The AlphaFold3 cluster template is currently available only in the Shanghai and Beijing regions.

To enable communication between clusters, you need to create a virtual private cloud (VPC) and a vSwitch.
To enable unified storage for the cluster, you need to create a file system.

Create a cluster

Go to the Cluster List page.
1. Log on to the E-HPC console.
2. In the left part of the top navigation bar, select a region.
3. In the left-side navigation pane, click Cluster.
On the Cluster List page, click Cluster Template. In the dialog box that appears, select AlphaFold3.
Default software and hardware configurations
- OS: Ubuntu 22.04
- ECS instance: 4 vCPUs, 8 GB memory, 40 GB storage
- GPU type: T4 (default), A10
- Python version: Python 3.10.12
- Afusion version: 1.2.2
- AlphaFold3 version: 3.0.0
Confirm the cluster configuration and click Create Cluster.
Note
If an "out of stock" message appears for the selected instance type when you create the cluster, temporarily disable Queue Auto Scaling. This lets you bypass temporary resource shortages and ensures a successful cluster deployment.
To enhance system security and isolate data between different users, see User management and add a new user with sudo permissions to avoid using the root account for operations.
(Optional) You can configure the cluster's node auto scaling to dynamically allocate compute nodes.

Run an AF3 job

Data preparation

You can request the model parameters for this example from the official website.

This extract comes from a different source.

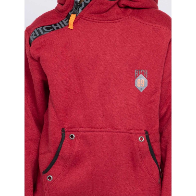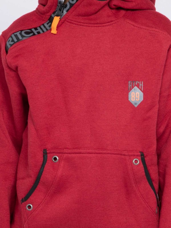 Sweat capuche en molleton avec col zippé sur le coté droit. Poche kangourou. Logo Ritchie 89 sur poitrine. Finitions bords côtes. 60% coton, 40% polyester. Lavage en machine à 30°.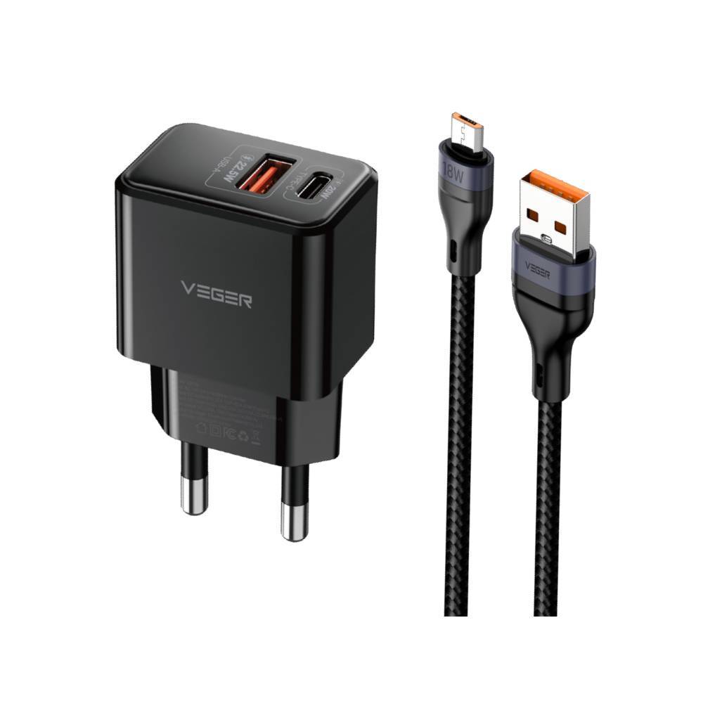อะแดปเตอร์ VEGER Wall Charger 1 USB-A / 1 USB-C 20W พร้อมสายชาร์จ USB-A to Micro USB 1 เมตร by Banana IT

Submit an AlphaFold3 job using Afusion

Log on to the Afusion page.
1. Go to the Cluster List page.
  1. Log on to the E-HPC console.
  2. In the left part of the top navigation bar, select a region.
  3. In the left-side navigation pane, click Cluster.
2. On the Cluster page, find the destination cluster and click Remote Connection in the upper-right corner. The public IP address of the cluster's logon node is displayed in the Remote Connection dialog box.
3. Log on to the Afusion page at http://<public_IP_of_cluster_logon_node>:8501.
  Note
  If the page is inaccessible, the cause is usually that port 8501 is not allowed by the security group. Go to the cluster details page, switch to the Cluster Configuration tab, and click the security group ID to add a rule that allows inbound traffic on this port.
Configure the Job Settings.
Key parameters:
- Model Seeds (comma-separated): Enter one or more comma-separated numbers. These numbers are used as random seeds for the model to ensure the reproducibility of predictions. Different seeds may produce different prediction results.
- Scheduler Queue: Specify the scheduling queue to which the job is submitted, such as `t4`.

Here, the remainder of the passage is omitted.